Planning for Transcranial Focused Ultrasound Neuromodulation
One of the aspects of safely and accurately targeting brain regions with transcranial focused ultrasound is estimating the trajectory and intensity of the ultrasound waves through the skull. Our projects in this theme include synthesising individual skull maps for each study participant and using computer simulations to estimate the acoustic field through the skull.
Estimating individual skull geometry
The skull accounts for the bulk of transcranial ultrasound attenuation and aberration. To make sure our simulations are as accurate as possible, we plan to create individual skull maps for our research participants. The best way to do this is to obtain a computed tomography (CT) image of the head, however, this involves a CT scan at the hospital. We are working on a deep learning method to synthesise a pseudo-CT from a structural magnetic resonance image (MRI) of the head. This will allow us to estimate skull images in-house using the 3T MRI scanning facility at the Brain Research & Imaging Centre at Plymouth University.
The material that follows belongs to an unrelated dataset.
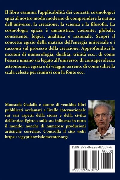 Copre l'applicabilità dei concetti cosmologici egiziane per la nostra moderna comprensione della natura dell'universo, la creazione, la scienza e la filosofia. Il libro esamina l'applicabilità dei concetti cosmologici egizi al nostro modo moderno di comprendere la natura dell'universo, la creazione, la scienza e la filosofia. La cosmologia egizia è umanistica, coerente, globale, consistente, logica, analitica e razionale. Scopri il concetto egizio della matrice dell'energia universale e i racconti sul processo della creazione. Approfondisci le nozioni di numerologia, dualità, trinità ecc., di come l'essere umano sia legato all'universo; di consapevolezza astronomica egizia e di viaggio terreno, di come salire la scala celeste per riunirsi con la fonte ecc. Il libro è diviso in cinque parti per un totale di diciassette capitoli. Parte I: Il monoteismo mistico egizio, composta da un capitolo: Capitolo 1: I più religiosi tratterà il profondo significato mistico del monoteismo per i religiosissimi egiziani, proponendo una panoramica della loro consapevolezza cosmica. Parte II: I principi della creazione, composta da due capitoli - 2 e 3: Capitolo 2: Le Energie che animano l'universo tratterà le conoscenze scientifiche degli Egizi sullo stato del mondo prima della creazione e le energie divine che animano il ciclo della creazione. Capitolo 3: Considerazioni sul processo egizio della creazione illustrerà una panoramica delle tre principali fasi del ciclo della Creazione. Parte III: I codici numerici della Creazione, composta da dieci capitoli - dal 4 al 13: Capitolo 4: Numerologia del processo della creazione tratterà il misticismo numerico nell'Antico Egitto, e analizzerà i numeri due, tre e cinque. Capitolo 5: La Natura dualistica tratterà la natura duale della creazione e ne analizzerà quattordici diverse applicazioni nel sistema egiziano antico. Capitolo 6: Tre - La Trinità nell'Unità tratterà il primo numero dispari [uno non è un numero], il significato dei triplici poteri di una trinità nell'universo, e alcune applicazioni di tale principio nel sistema dell'Antico Egitto. I capitoli dal 7 al 13 tratteranno gli aspetti mistici dei numeri dal quattro al dieci. Parte IV: Come sopra così sotto, composta da due capitoli - 14 e 15: Capitolo 14: L'essere umano - La riproduzione universale esaminerà il modo in cui gli elementi fisici e metafisici dell'uomo costituiscono l'immagine di tutta la creazione. Capitolo 15: La consapevolezza astronomica illustrerà le avanzate conoscenze astronomiche e di calcolo del tempo nell'Antico Egitto, lo zodiaco e il ciclo sotiaco, nonché la natura dell'armonia delle (sette) sfere e la partecipazione popolare alla sua conservazione. Parte V: Da mortali a immortali, composta da due capitoli - 16 e 17: Capitolo 16: Il nostro viaggio terreno tratterà le modalità con cui l'individuo può ricongiungersi con la Fonte divina, tra cui il sufismo, l'alchimia ecc. Capitolo 17: Ascendere la scala celeste tratterà la vita ultraterrena, la trasmigrazione dell'anima, la progressione attraverso i vari regni verso la riunificazione e la deificazione.

Clockwise from top left: Structural T1-weighted MR image, actual CT image, pseudo-CT image synthesised from T1-weighted MRI, difference image between pseudo-CT and real CT.
We can estimate and visualise the path of the acoustic pressure wave generated by the ultrasound transducer through the skull using computer simulations. We use a Matlab-based toolbox, k-Wave (Treeby and Cox, 2010), to perform acoustic simulations based on individual skull anatomy and transducer positions to get a better picture of where the ultrasound wave is going and how much pressure is being applied.
Left to right: Structural T1-weighted MR image, CT image, simulated ultrasound focus in the dorsal anterior cingulate cortex (in colour) on the structural MR image.